(Beginning of Exercise materials)

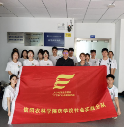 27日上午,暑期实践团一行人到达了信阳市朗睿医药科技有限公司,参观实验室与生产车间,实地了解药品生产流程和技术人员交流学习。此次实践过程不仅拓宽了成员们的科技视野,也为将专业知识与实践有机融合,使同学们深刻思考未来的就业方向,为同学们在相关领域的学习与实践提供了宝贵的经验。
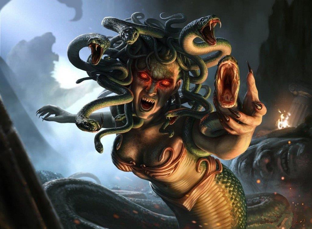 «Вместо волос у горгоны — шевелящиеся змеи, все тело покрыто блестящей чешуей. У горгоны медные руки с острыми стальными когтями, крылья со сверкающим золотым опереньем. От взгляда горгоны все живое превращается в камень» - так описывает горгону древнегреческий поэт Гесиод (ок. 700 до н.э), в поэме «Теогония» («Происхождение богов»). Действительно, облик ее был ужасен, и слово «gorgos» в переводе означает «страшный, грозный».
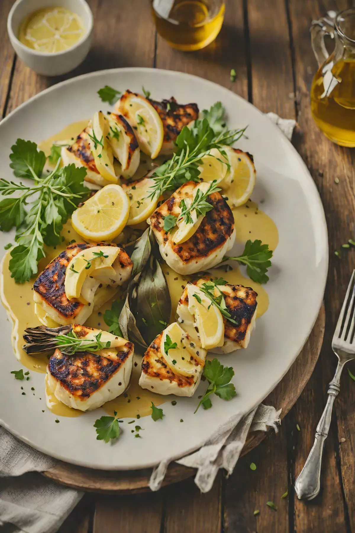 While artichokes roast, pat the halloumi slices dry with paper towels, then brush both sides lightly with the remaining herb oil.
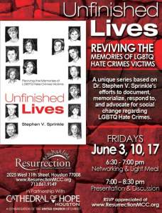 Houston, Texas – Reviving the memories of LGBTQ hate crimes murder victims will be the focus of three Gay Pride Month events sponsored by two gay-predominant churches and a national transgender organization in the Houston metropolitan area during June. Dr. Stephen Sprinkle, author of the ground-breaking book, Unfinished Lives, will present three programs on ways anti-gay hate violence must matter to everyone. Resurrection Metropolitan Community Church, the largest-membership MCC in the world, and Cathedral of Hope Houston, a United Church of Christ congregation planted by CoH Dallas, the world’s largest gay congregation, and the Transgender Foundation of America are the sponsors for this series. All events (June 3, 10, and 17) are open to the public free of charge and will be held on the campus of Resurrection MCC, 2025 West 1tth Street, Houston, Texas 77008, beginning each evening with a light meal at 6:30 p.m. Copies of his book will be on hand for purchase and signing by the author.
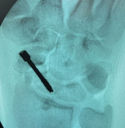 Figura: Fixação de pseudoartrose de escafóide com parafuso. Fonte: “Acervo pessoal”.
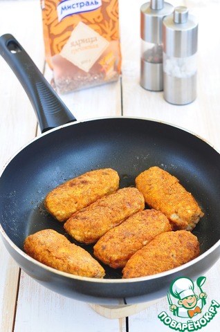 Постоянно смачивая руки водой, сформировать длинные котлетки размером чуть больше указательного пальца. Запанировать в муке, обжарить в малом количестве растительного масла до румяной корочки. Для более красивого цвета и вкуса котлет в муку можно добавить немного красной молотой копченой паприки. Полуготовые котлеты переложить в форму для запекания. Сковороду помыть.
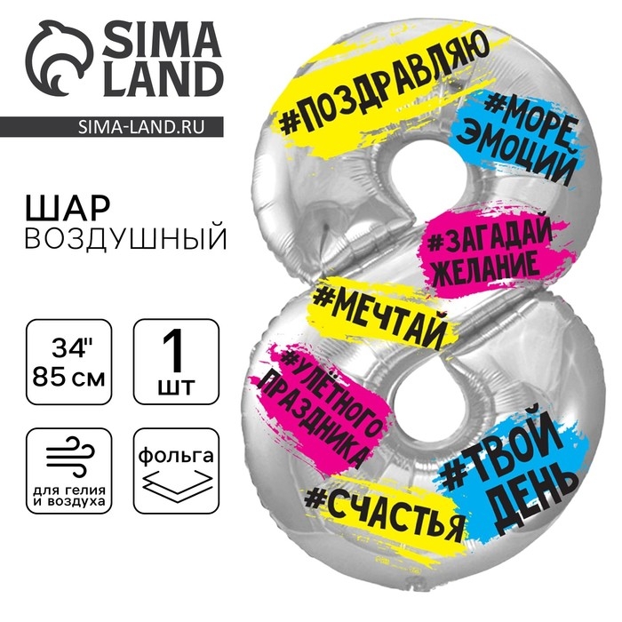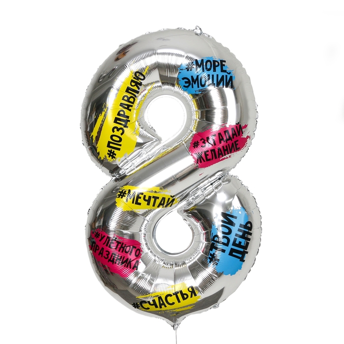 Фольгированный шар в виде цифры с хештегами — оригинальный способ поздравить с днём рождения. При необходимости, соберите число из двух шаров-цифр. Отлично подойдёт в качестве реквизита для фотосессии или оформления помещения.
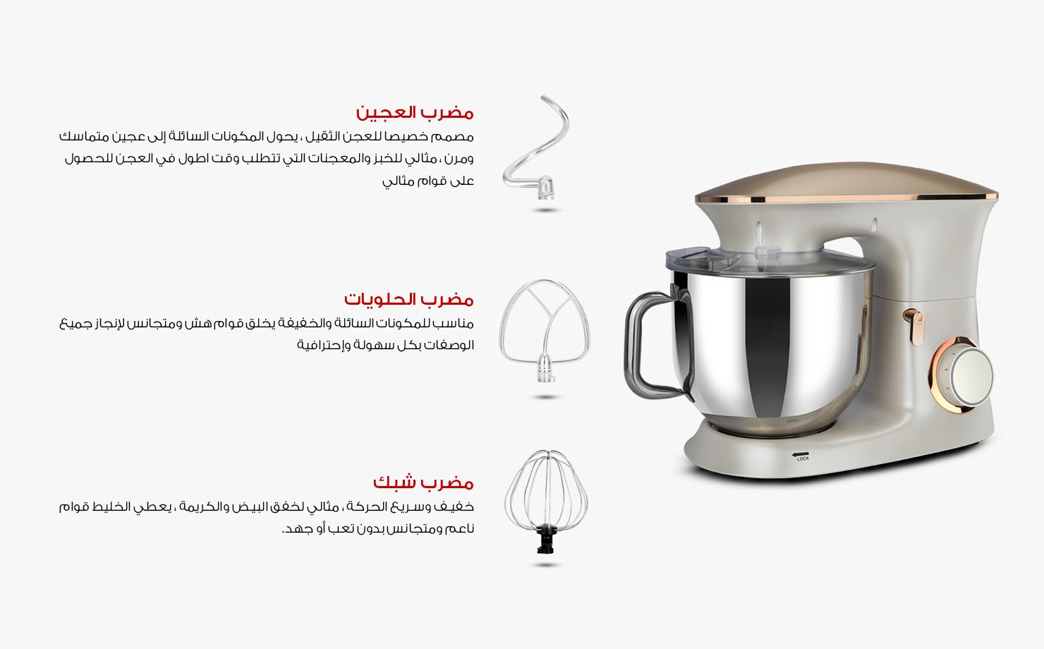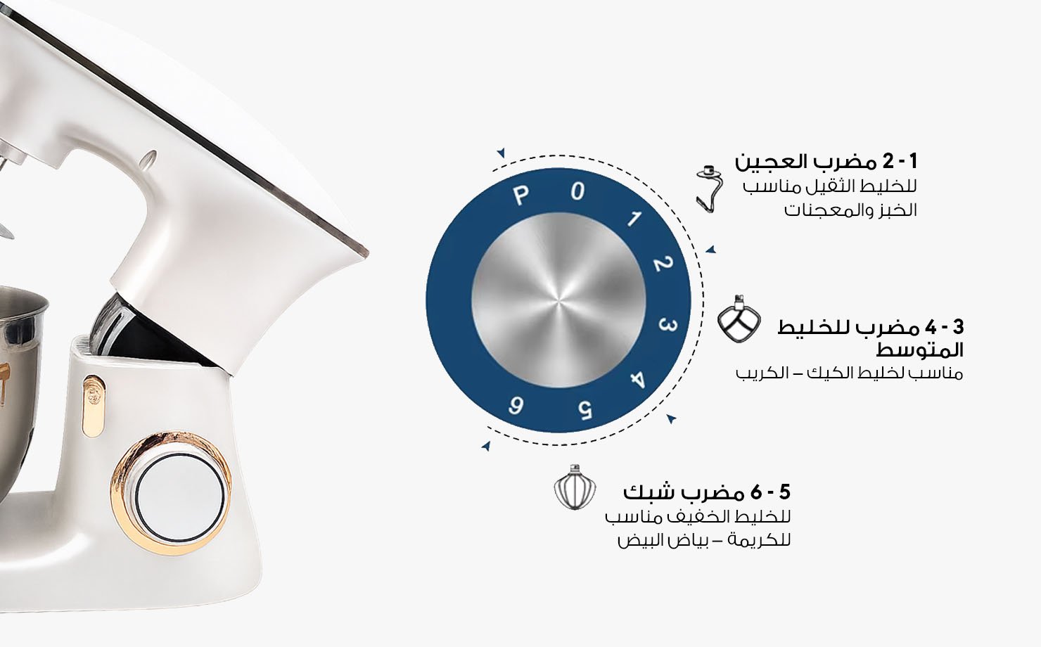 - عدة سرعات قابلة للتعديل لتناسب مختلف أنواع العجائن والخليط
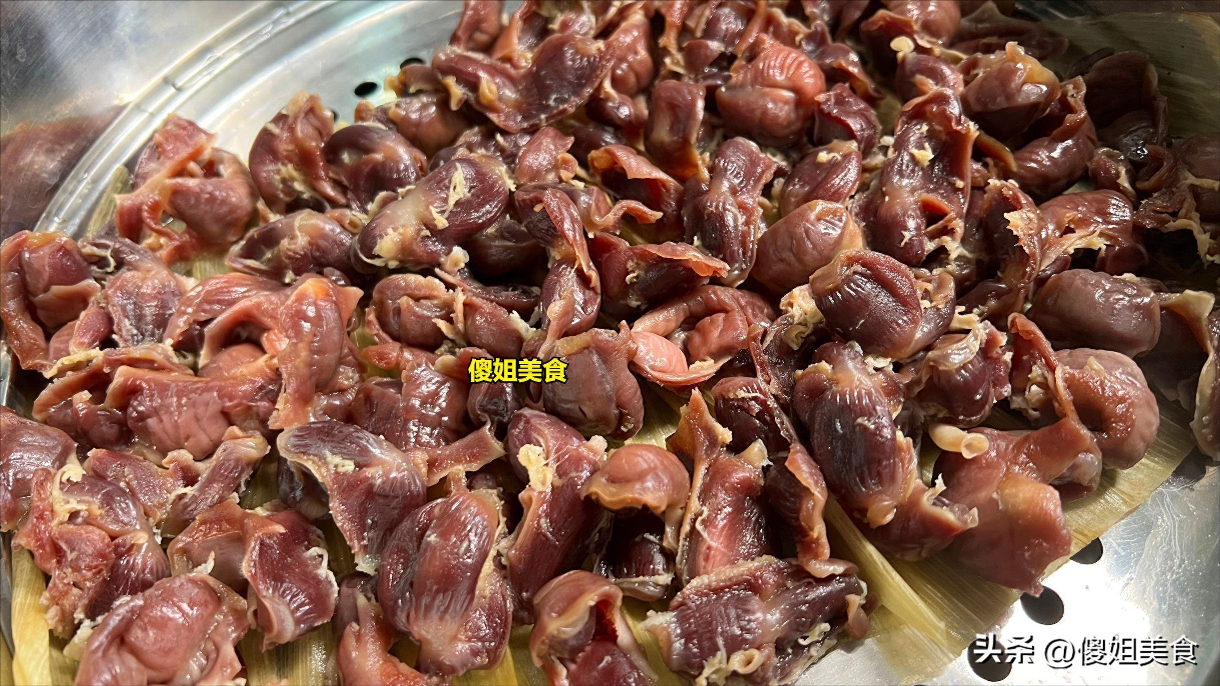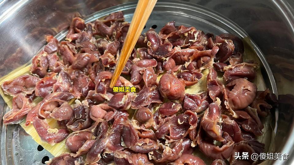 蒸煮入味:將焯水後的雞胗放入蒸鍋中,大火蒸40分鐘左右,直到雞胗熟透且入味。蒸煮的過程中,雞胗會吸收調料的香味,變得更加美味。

(End of Exercise materials)
(Beginning of Exercise materials)

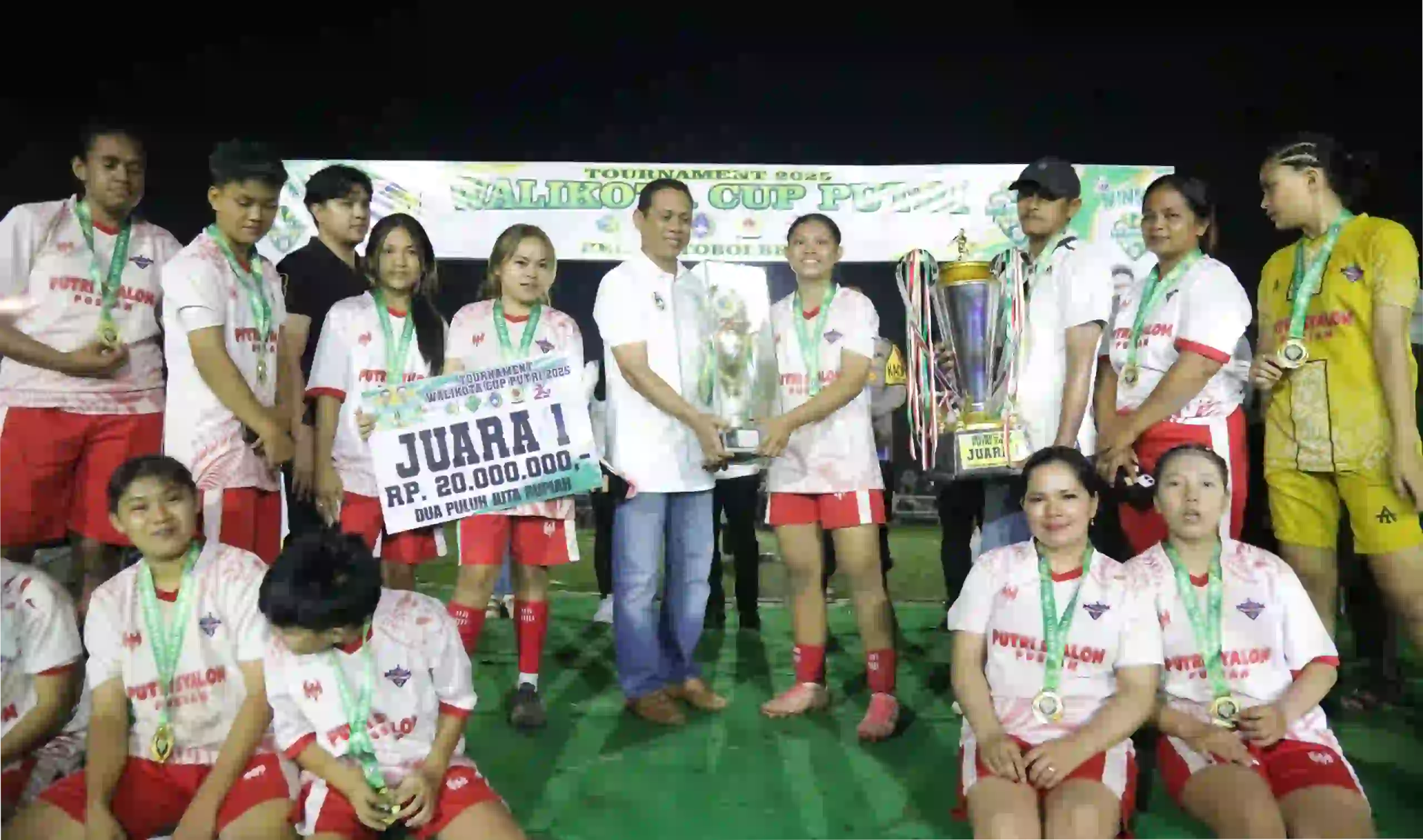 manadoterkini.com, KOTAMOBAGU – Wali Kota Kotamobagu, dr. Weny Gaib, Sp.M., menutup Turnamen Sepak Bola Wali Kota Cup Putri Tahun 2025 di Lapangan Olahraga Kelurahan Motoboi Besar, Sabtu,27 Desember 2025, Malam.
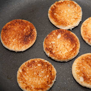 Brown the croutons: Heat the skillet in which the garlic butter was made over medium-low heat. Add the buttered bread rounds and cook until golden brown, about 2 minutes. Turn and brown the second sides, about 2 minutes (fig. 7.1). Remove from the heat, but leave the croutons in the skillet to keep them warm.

(End of Exercise materials)

> **Exercise aim**
How would the lines above read from the one with "27日上午,暑期实践团一行人" to the one with "волос у горгоны", inclusive, with no pictures? Write them out exactly.

> **Solution for this task**
 27日上午,暑期实践团一行人到达了信阳市朗睿医药科技有限公司,参观实验室与生产车间,实地了解药品生产流程和技术人员交流学习。此次实践过程不仅拓宽了成员们的科技视野,也为将专业知识与实践有机融合,使同学们深刻思考未来的就业方向,为同学们在相关领域的学习与实践提供了宝贵的经验。
 «Вместо волос у горгоны — шевелящиеся змеи, все тело покрыто блестящей чешуей. У горгоны медные руки с острыми стальными когтями, крылья со сверкающим золотым опереньем. От взгляда горгоны все живое превращается в камень» - так описывает горгону древнегреческий поэт Гесиод (ок. 700 до н.э), в поэме «Теогония» («Происхождение богов»). Действительно, облик ее был ужасен, и слово «gorgos» в переводе означает «страшный, грозный».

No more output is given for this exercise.